Input -> Conv(+Pool) -> Dense (to reduce dimension) -> LSTM -> Dense -> Output

model = Sequential()
model.add(Convolution1D(..., input_shape=(timesteps, data_dim)))
model.add(MaxPooling1D(...))
model.add(Dense(...))  # to reduce dimension
model.add(LSTM(...))
model.add(Dense(...))
model.add(Dense(nb_classes, activation='sigmoid'))
model.compile(loss='binary_crossentropy', optimizer='rmsprop', metrics=['accuracy'])

model.fit(...)  # Exception: Input 0 is incompatible with layer dense_1: expected ndim=2, found ndim=3

If the first Dense layer is removed, exception not occurs. But dimension isn't reduced.

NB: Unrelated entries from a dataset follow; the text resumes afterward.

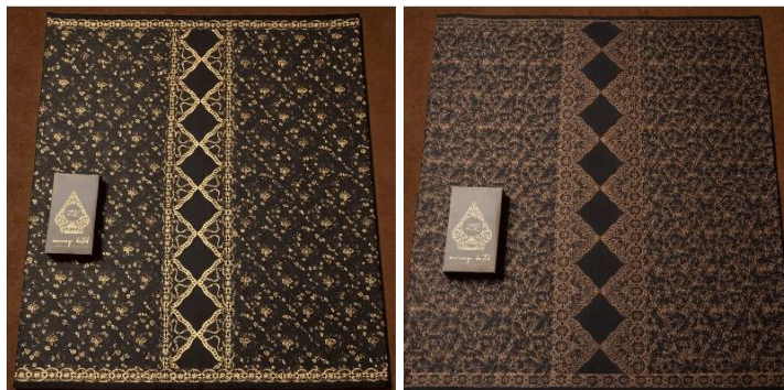
Figure 1. Sarung Motif

Sarung Batik ZR consistently innovates in its design to increase competitiveness, while prioritizing ethics by not plagiarizing others work, but rather through its own creation and modification. Creating batik motifs requires skill, technique, and inspiration from various sources, so they can be considered creative works. When discussing creative works, the copyright of the creator cannot be separated. Islam fundamentally regulates property rights and prohibits taking the property of others. Plagiarism of batik motifs violates the property rights of others, as plagiarism is a harmful act (Arifah & Fitria, 2025).
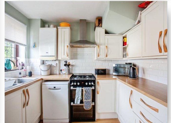
Church View Washfield Lane, Treeton Rotherham S60 5PU
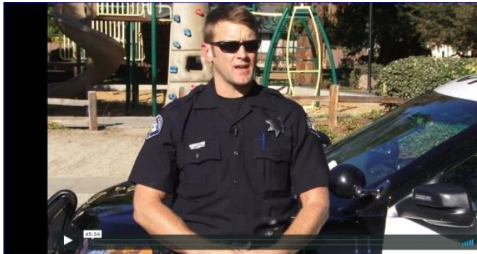
Tobacco Retailer Licensing Enforcement See all videos Only visible to you

← Marin County -- Novato in 2017 adopted a comprehensive Tobacco Retailer Licensing Ordinance that included no sales of tobacco in Pharmacies; no single sale of little cigars and no flavor tobacco products (menthol not included).
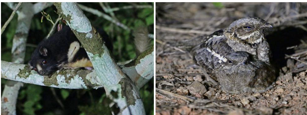
At night we managed some superb views of the bizarre Pel's Anomalure (left) and a Long-tailed Nightjar with its chick (right) was enough to melt the hardest heart.

As the morning wore on so the sweat bees increased as the humidity rose and the first groups of screaming visitors arrived to play on the walkway. We therefore deemed it best to make a hasty retreat and sought the shade of the forest interior. In the dim, tangled mesh of vegetation a pair of seldom seen Olivaceous Flycatcher performed and we enjoyed great views of a skulking Blackcap Illadopsis and the pretty little 'Ghana' Forest Robin. This is the recently described form inexpectatus that has even been proposed to be a separate species!
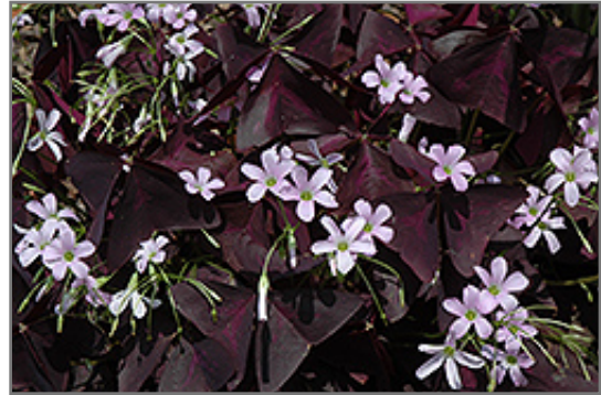
Purple Shamrock flowers

When grown indoors, Purple Shamrock can be expected to grow to be only 6 inches tall at maturity extending to 8 inches tall with the flowers, with a spread of 6 inches. It grows at a medium rate, and under ideal conditions can be expected to live for approximately 10 years. This houseplant will do well in a location that gets either direct or indirect sunlight, although it will usually require a more brightly-lit environment than what artificial indoor lighting alone can provide. It is very adaptable to both dry and moist soil, but will not tolerate any standing water. The surface of the soil shouldn't be allowed to dry out completely, and so you should expect to water this plant once and possibly even twice each week. Be aware that your particular watering schedule may vary depending on its location in the room, the pot size, plant size and other conditions; if in doubt, ask one of our experts in the store for advice. It is not particular as to soil type or pH; an average potting soil should work just fine.
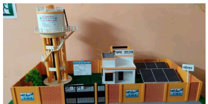
Fig- 6: Project Model
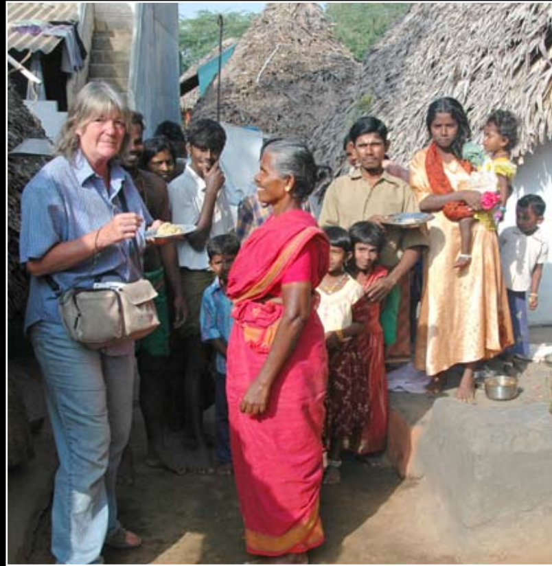
Giving rice to passers-by during Pongal festival, Chettinad Zaskar River beside mountain road from Manali to Leh
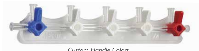
Custom Handle Colors
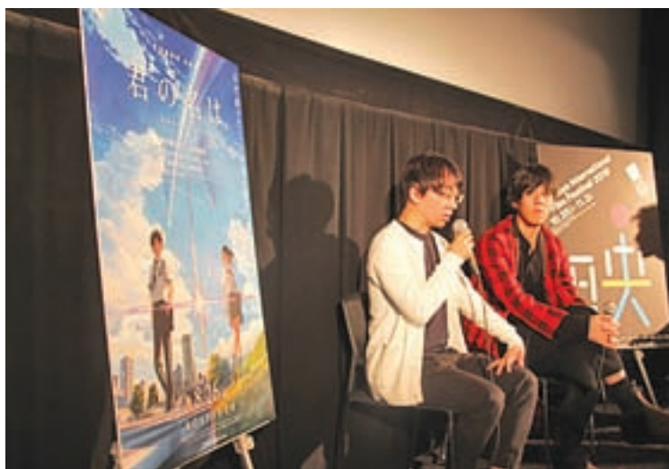
Japanese animation film director Makoto Shinkai (L) and RADWIMPS singer Yojiro Noda appear in an event in Tokyo on 27 October, 2016. Shinkai's film "your name." was featured at the Tokyo International Film Festival from 25 October to 3 November.

TOKYO — There seems to be no stopping the soaring popularity of Japanese animated film "your name." directed by Makoto Shinkai, as the body-swapping fantasy continues to attract fans at home and abroad.
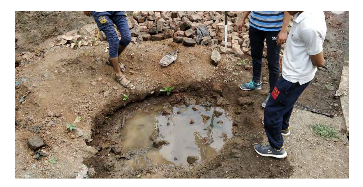
The members of Team Beta successfully dug a hole for the ease of the villagers

Digging a hole was a big task but the volunteers worked hard to complete the work on time which eventually taught all the volunteers the importance of time management combined with hard work.
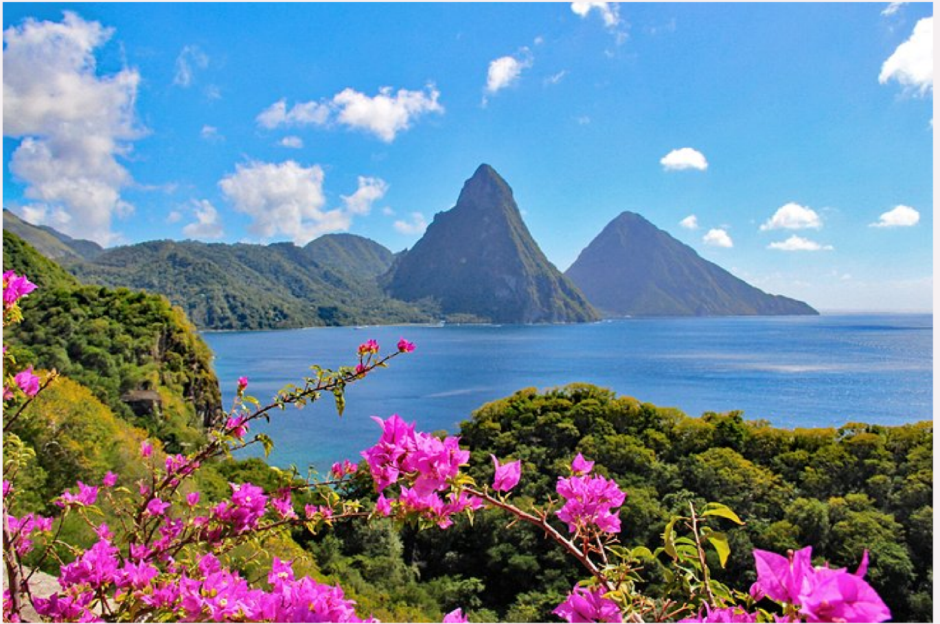
View of the Pitons from Jade Mountain Resort

This newsletter is a product of the Department of Sustainable Development Ministry of Education, Sustainable Development, Science, Technology and Vocational Training Georgiana Court John Compton Highway Saint Lucia Telephone Number: +1 758-468-5863 Email Address: sdestlucia@gmail.com
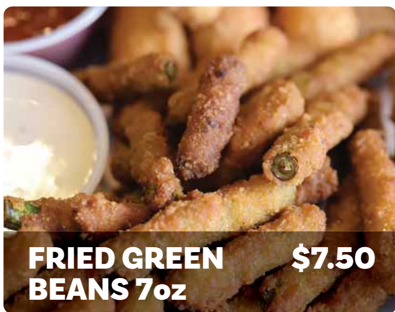
FRIED GREEN $7.50 BEANS 7oz

How to use Dense layer keeping input shape for LSTM? Thank you for any help someone can provide.

carlthome commented 8 years ago

LSTM() expects input of shape (nb_timesteps, nb_features) but Dense outputs 1D so use Reshape() to add a dummy dimension after the fully-connected layer or use TimeDistributed(Dense()).

hassaku commented 7 years ago

Thank you for your advice. It's solved by using TimeDistributed now.